# What would you buy?



## FD Prez (Oct 14, 2008)

Here's a question for all of us GTO Lovers. If you HAD to get rid of your GTO
what would you trade it in for and why?


----------



## exwrx (Apr 5, 2007)

1. RX-8 
I love rotary engines, and the RX-8 is almost on par with a Miata in regards to handling, but with a little more spunk and style. They're a phenomenal paltform for track vehicles, and were a top competitor in the Koni Race Series.(i'm actually thinking of trading for one as we speak)

2. 04-05 Cobra
285 rubber on all for corners, blown 4.6, parts are cheaper than candy from the 99cent store....need I say more

3. C5 Vette
Power, handling, V8... what's not to love other than one of the world's worst interior, squeaks, and they're a royal pain in the a$$ to work on. Parts are fairly inexpensive, and "most" of the maintanence is simple.

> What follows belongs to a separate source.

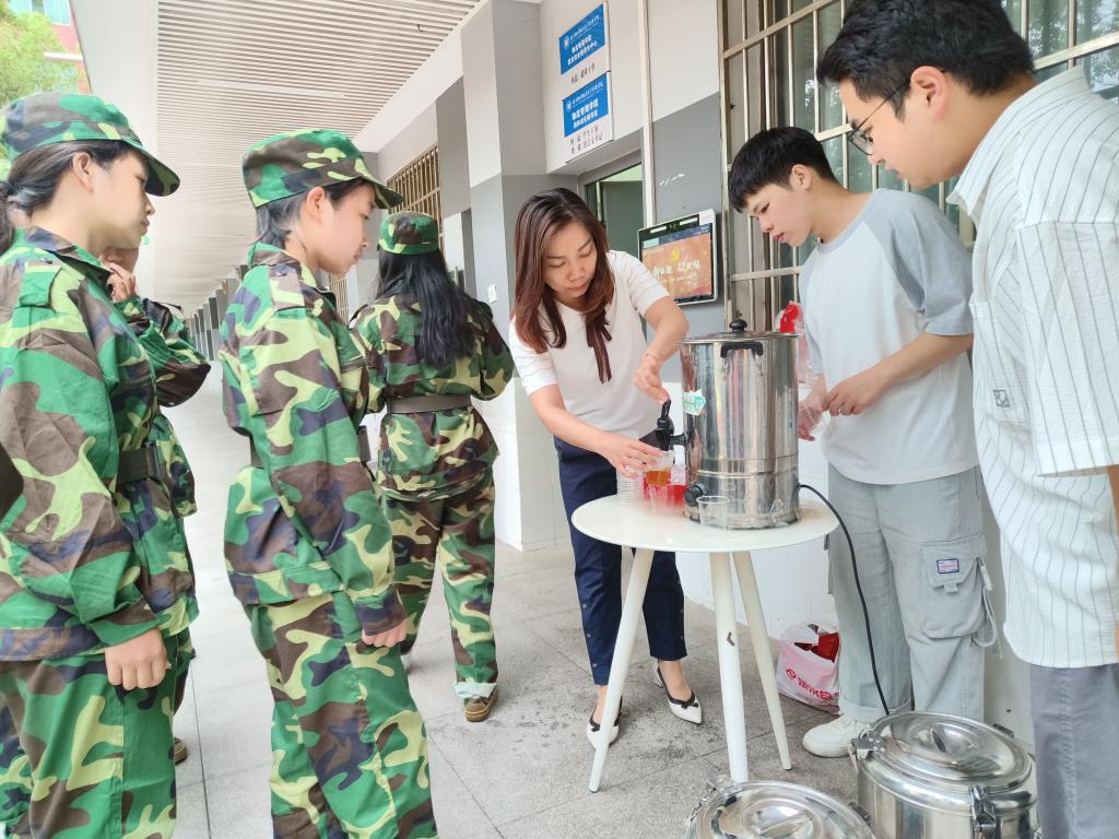 军训如期而至,操场上站满意气风发的少年,烈日炎炎中他们将汗水融进教官的声声口令,在青春坚定眼神中扬起大学的风帆。9月21日,在秋意袭来温度骤降之际,物流管理学院党总支书记卜志纯带领全体新生辅导员为军训中的新生送上秋天的第一杯“暖心”姜茶。

4. RX-7 Turbo(FD Body 93-97)
The japanese GTO (i know the 3000gt is a "GTO" in Japan, this is a reference, not a quote) . 2 doors, lots of power, underappreciated at it's time, and you rarely see them.

5. Viper 99-2002
Yeah.... it's a Viper. V10, 2 seats, 345's in the rear...... any other questions?


----------



## Route 66 (May 30, 2005)

'09 Challenger/6.1/all the bells n whistles. No explanation needed. :cheers


----------



## kdkiernan (Aug 16, 2008)

*Vette*

definitely the vette
however, before getting the gto i considered an RX8 but decided it wasnt enough power


----------



## exwrx (Apr 5, 2007)

kdkiernan said:


> definitely the vette
> however, before getting the gto i considered an RX8 but decided it wasnt enough power


Before saying that... come to a track event. When that RX-8 leaves you behind lap after lap, after lap, after lap, after lap... you get the point... you won't think it doesn't have enough power. It's a perfectly balanced car. 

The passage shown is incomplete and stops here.